Une journée mondiale pour les zones humides

Le 01/02/2019
Étangs, lagunes, marais salants, mares, marais, tourbières, vallées alluviales, prairies inondables... Les zones humides sont des espaces de transition…

Chaque année, le 2 février, date anniversaire de la Convention internationale sur les zones humides, la « Convention de Ramsar », du nom de la ville iranienne où elle a été adoptée en 1971.
Cette convention a pour mission : « la conservation et l’utilisation rationnelle des zones humides par des actions locales, régionales et nationales et par la coopération internationale, en tant
que contribution à la réalisation du développement durable dans le monde entier ». En ce début d’année 2019, 170 pays ont désigné 2 331 zones humides d’importance internationale « Ramsar » cela représente près de 250 millions d’hectares à travers le monde.

Des zones humides utiles, mais menacées

A l’échelle mondiale, près des 2/3 des zones humides ont disparu depuis 1900, quasiment 9 sur 10 si l’on remonte à 1700. En France, on estime que la moitié d’entre elles ont disparu entre 1960 et 1990. Elles continuent de disparaître ou de se dégrader du fait des pressions qu’elles subissent, largement imputables à l’Homme : surexploitation des ressources en eau, pollutions, fréquentation humaine mal gérée, drainage ou comblement lié à un développement urbain non maîtrisé…
Pourtant, les zones humides rendent de nombreux services à l’Homme, notamment en termes de régulation des volumes d’eau lors d’évènements climatiques extrêmes et de piégeage du carbone.
Ainsi, elles contribuent à la prévention des risques naturels et à la régulation du climat.

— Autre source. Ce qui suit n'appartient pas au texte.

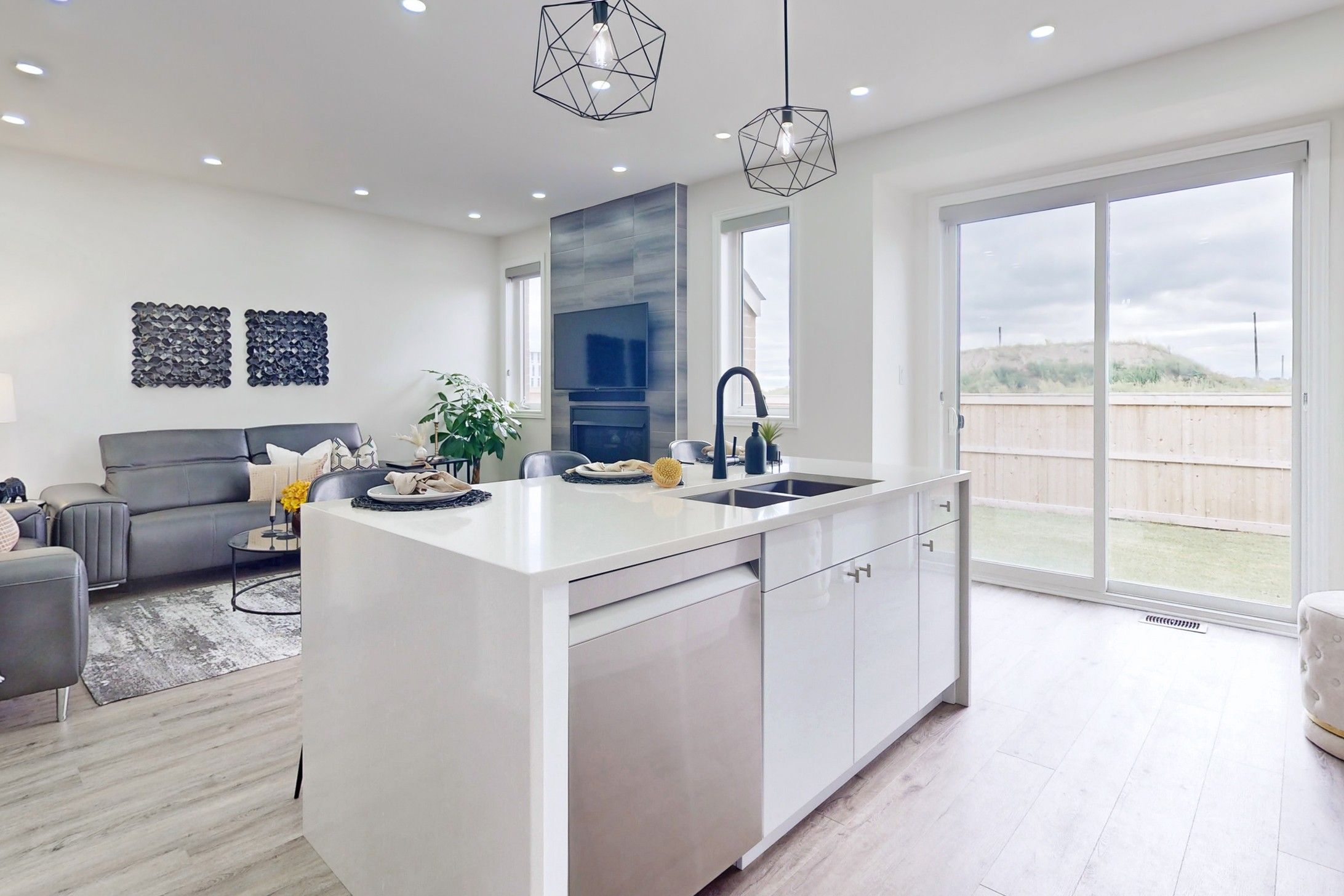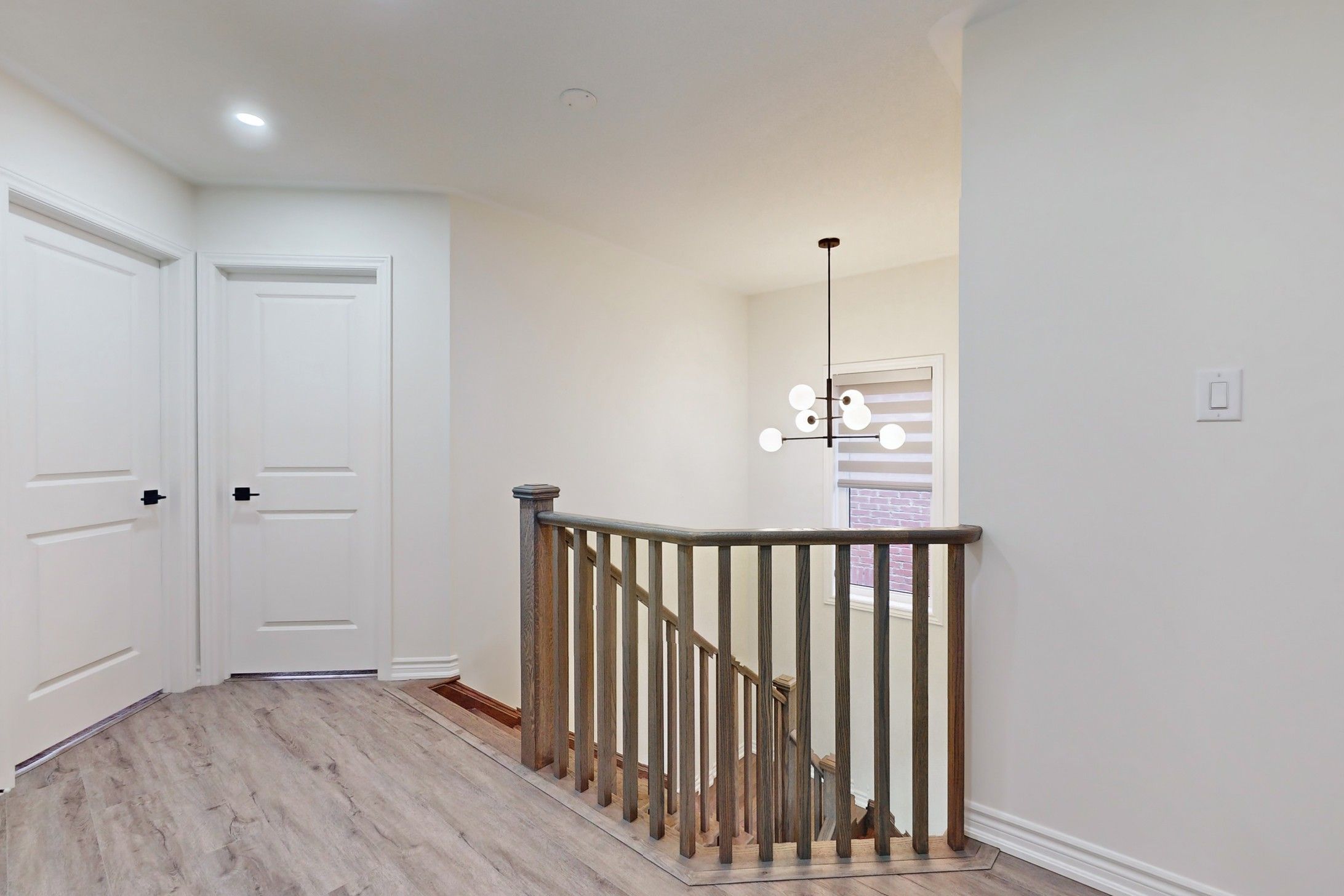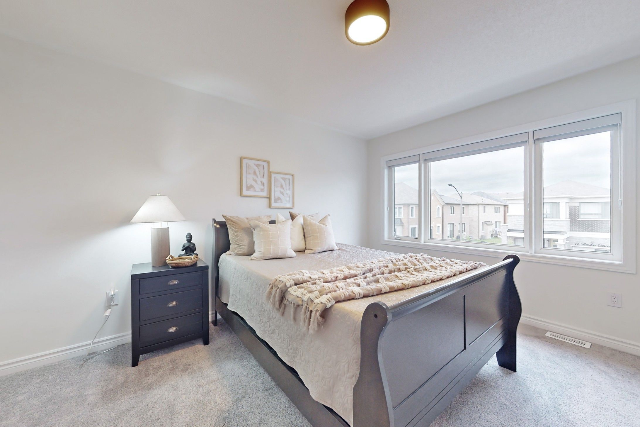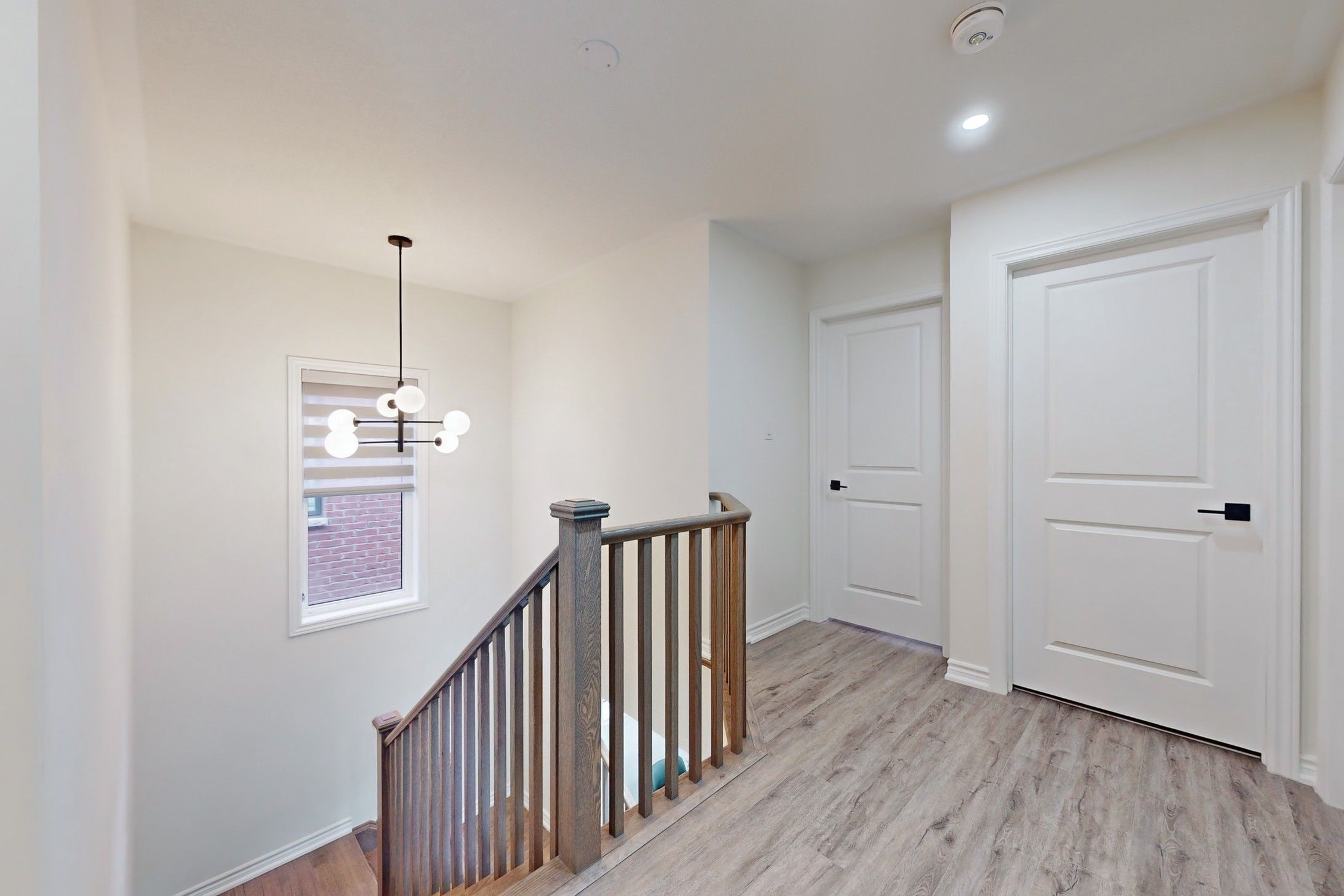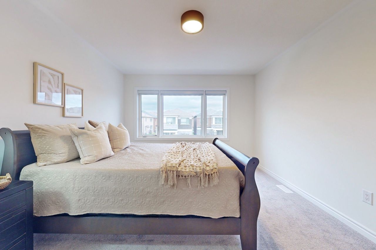 Welcome to Queens Common! Modern Elevation End Unit Townhome, Just Over 2 Years New. Approximately 1980 Sq.ft, Spacious Floor Plan And Over $85,000 Spent On Timeless Upgrades. Main Floor Foyer Greets You with Soaring Ceiling Heights of Almost 11 FT and Built-in Seating. Main Level has 9 FT Ceilings, Wide Plank Vinyl Flooring Throughout, Dining Room with Coffered Ceilings and Great Room with Tiled Wall Gas Fireplace. Large, Bright, Eat-In Chef's Kitchen, An Extended Waterfall Island, Quartz Counter Tops, Herringbone Backsplash, Countertop Gas Stove, Built in Microwave and Oven. Upgraded Oak Staircase Takes You To The 2nd Floor Hallway with Wide Plank Vinyl Floors, 3 Bedrooms, Laundry Room, And an Oasis Primary Room Featuring Wide Plank Vinyl Floor, Window Bench Seating to Read, Large Walk-In Closet, 5-Piece Ensuite, Freestanding Tub And a Frameless Glass Walk In Shower. Basement has 3 Piece Rough-In Plumbing. Less than 5 mins to the 401/412, Pharmacy, Grocery Stores and Tim's.

Le thème 2019 : les zones humides et le changement climatique

Les zones humides préservées offrent de nombreux bénéfices et sont de véritables atouts, en particulier sur le littoral méditerranéen caractérisé par des évènements climatiques extrêmes et une forte concentration de territoires artificialisés et de population.
Les zones humides atténuent les effets du changement climatique.
En stockant efficacement le carbone atmosphérique, les marais littoraux régulent le climat à long terme.
Par leur rôle d’éponge, les zones humides protègent des effets d’évènements climatiques extrêmes. Elles aident à contrôler les inondations liées aux violents orages et, à l’inverse, permettent de soutenir les étiages quand l’eau vient à manquer durant les étés trop secs. Les vasières, prés salés, lagunes, les dunes et marais salants contribuent à protéger la côte de la force des vagues, de l’érosion, de l’élévation de la mer et des submersions marines.
Ainsi, ces milieux humides sont de véritables infrastructures naturelles gratuites.
Elles renforcent la résilience des territoires tout en préservant la biodiversité.